The 2015 Bình Phước massacre (Vụ thảm sát ở Bình Phước năm 2015) was a mass murder that took place in Vietnam on 7 July 2015, in Bình Phước province. Nguyễn Hải Dương, with the help of Vũ Văn Tiến, murdered six members of a family in their home. The motive was revenge after Dương's relationship with a victim's daughter ended, combined with an intent to rob the family. A third accomplice, Trần Đình Thoại, assisted in planning but did not participate in the killings. Dương and Tiến were sentenced to death and executed in 2017 and 2018, respectively, while Thoại received a 16-year prison sentence.

== Background ==
Nguyễn Hải Dương (born 1991), from An Giang province, had been in a relationship with Lê Thị Ánh Linh, the 22-year-old daughter of wealthy timber businessman Lê Văn Mỹ. The couple dated for over a year, but Linh's mother, Nguyễn Lê Thị Ánh Nga, opposed the relationship due to Dương's modest background. In May 2015, Linh ended the relationship and began dating someone else, which fueled Dương's resentment. Dương, who had previously worked for the family and knew their home layout, planned to kill the family as revenge and to steal their assets. Dương recruited Trần Đình Thoại (born 1988) and later Vũ Văn Tiến (born 1991) for the crime, promising them a share of the stolen goods.
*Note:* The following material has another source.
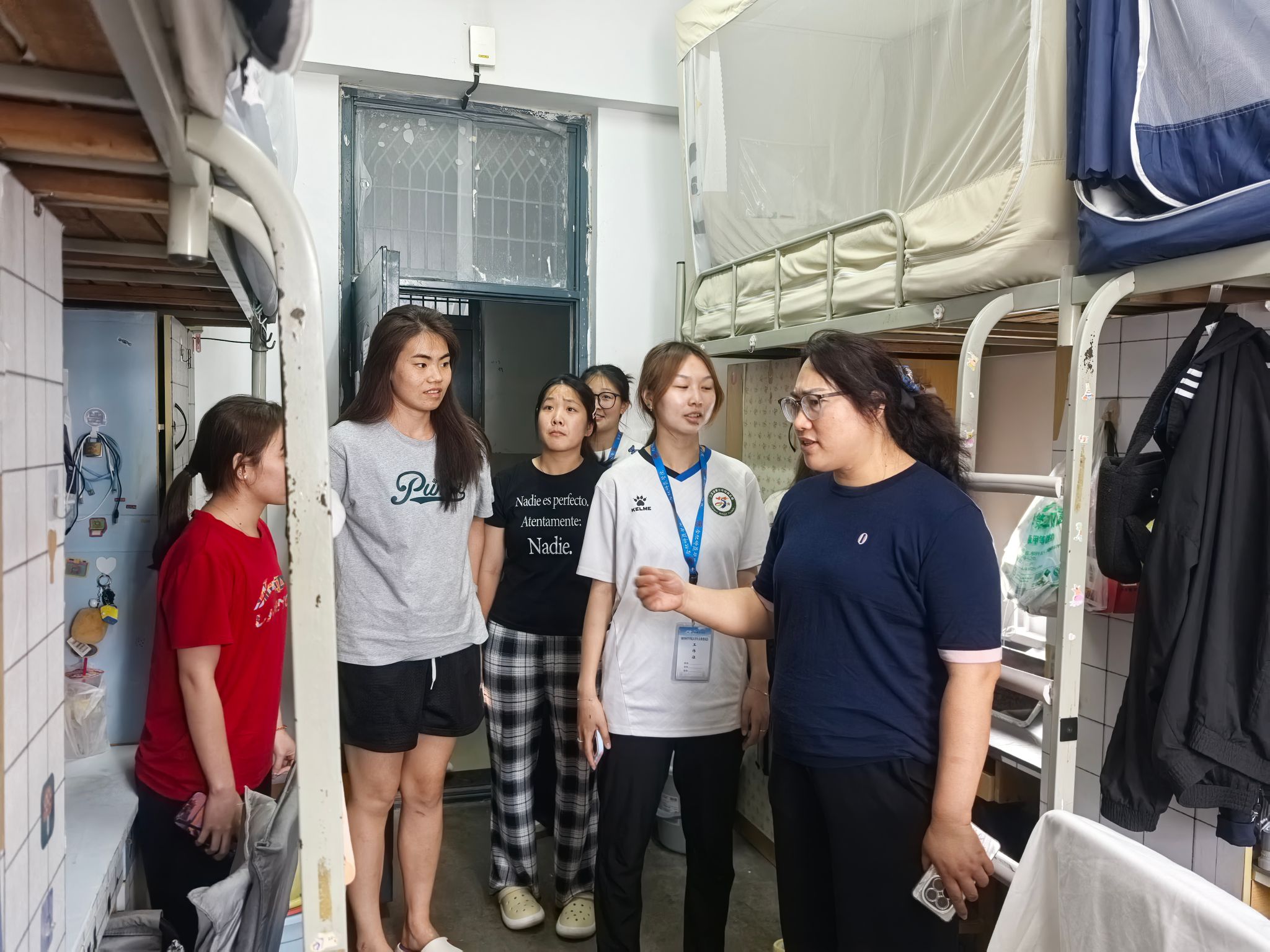 走访过程中,学院党委副书记马飞艳与辅导员们逐间走访,重点排查宿舍用电规范、消防设施完好性及疏散通道畅通情况,对插线板使用、大功率电器存放等关键环节进行了细致检查。同时,也对宿舍卫生状况、物品规整、公共区域维护等文明素养方面进行了综合评估。针对检查中发现的个别宿舍存在的安全隐患和卫生死角,现场提出明确整改意见,要求相关宿舍立即行动,杜绝麻痹思想,学院后续也将组织“回头看”确保整改到位。
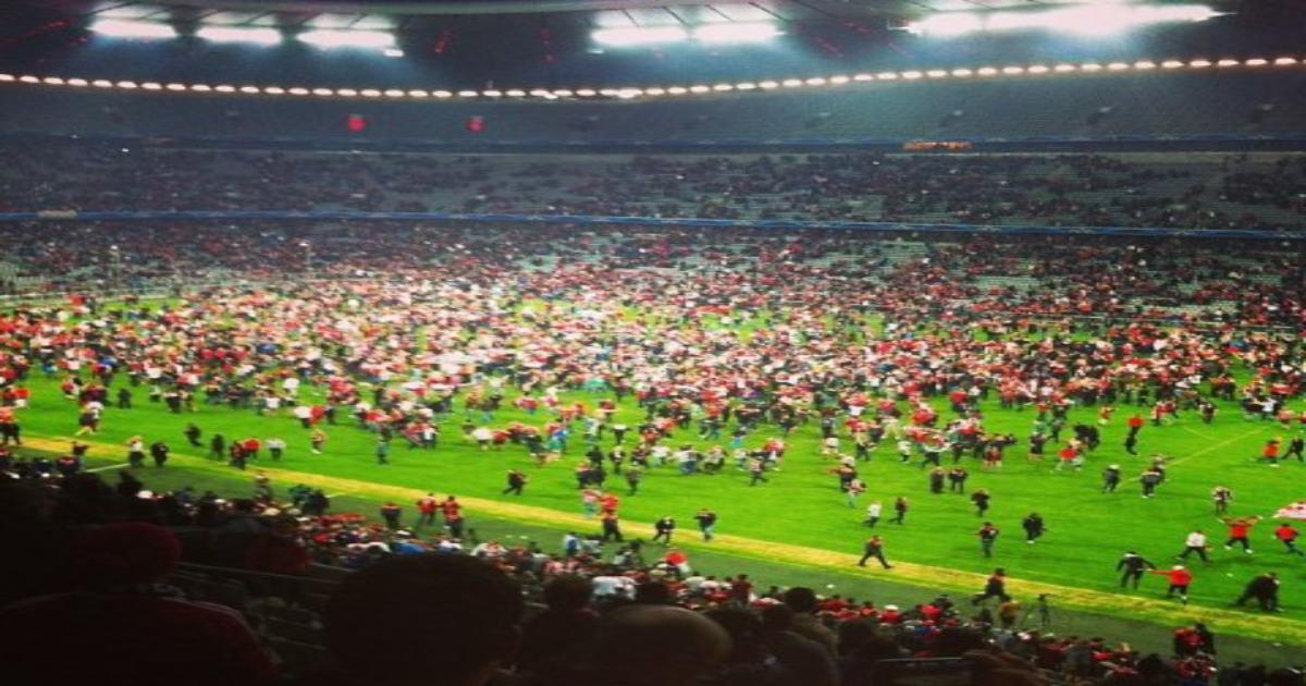 Тысячи болельщиков Баварии смотрели финал ЛЧ на родной Альянц Арене. Сразу же после свистка все бросились на поле отмечать победу.

Thoại helped purchase weapons but backed out after a failed attempt in June 2015. Tiến joined for the final act. The victims lived in a villa in Minh Hưng commune, which included a timber factory. The family was known for their wealth but modest lifestyle.

== Murders ==
In the early hours of 7 July 2015, Dương and Tiến entered the property through a gate opened by Linh's 14-year-old cousin, Dư Minh Vỹ, who had been bribed by Dương. They subdued Vỹ, strangled him, and stabbed him to death near the gate. They then broke into the house, restrained the other family members, and demanded money from a safe, which they could not open. The perpetrators systematically killed the victims by strangling them with ropes and stabbing them in the neck multiple times. The only survivor was 18-month-old Lê Thị Gia Linh (Lê Văn Mỹ's youngest daughter), whom Dương spared because he was fond of her. He cradled her back to sleep after the killings. The pair stole electronic devices and cash worth approximately 50 million VND (about US$2,200) but left other valuables untouched. They fled around 4:00 a.m. The bodies were discovered around 7:00 a.m. by a family employee.

== Victims ==

1. Lê Văn Mỹ (nicknamed "Quốc") – owner of the wood workshop, 47 year-old
2. Nguyễn Lê Thị Ánh Nga – Mỹ's wife, 42 year-old
3. Lê Thị Ánh Linh – daughter of Mỹ and Ánh Nga, 22 year-old
4. Lê Quốc Anh – son of Mỹ and Ánh Nga, 15 year-old
5. Dư Ngọc Tố Như – Ánh Nga's niece, 18 year-old
6. Dư Minh Vỹ – Ánh Nga's nephew, 14 year-old

== Investigation and arrests ==
The crime shocked Vietnam, prompting a rapid response from authorities. Minister of Public Security Trần Đại Quang directed a special task force. Investigators collected fingerprints, blood samples, and phone records, leading to Dương within days. Dương was arrested on 10 July 2015 at the victims' funeral after attempting to create an alibi. He confessed and implicated Tiến, who was captured the same day in Hóc Môn district, Ho Chi Minh City. Thoại was arrested on 10 August 2015 after evidence linked him to the planning. A crime scene reenactment was conducted, and the case was prosecuted for murder and robbery under Vietnam's Penal Code.

== Trial ==
The trial began on 17 December 2015 at the People's Court of Bình Phước. Dương and Tiến were convicted of murder and robbery, receiving death sentences for the brutality, killing of children, and multiple victims. Thoại was sentenced to 16 years (13 for murder, 3 for robbery) as an accomplice. Appeals were heard on 18 July 2016 at the High People's Court in Ho Chi Minh City, where the sentences were upheld.

== Executions ==
Nguyễn Hải Dương was executed by lethal injection on 17 November 2017 in Bình Dương province. Vũ Văn Tiến was executed on 20 September 2018 in Bình Phước.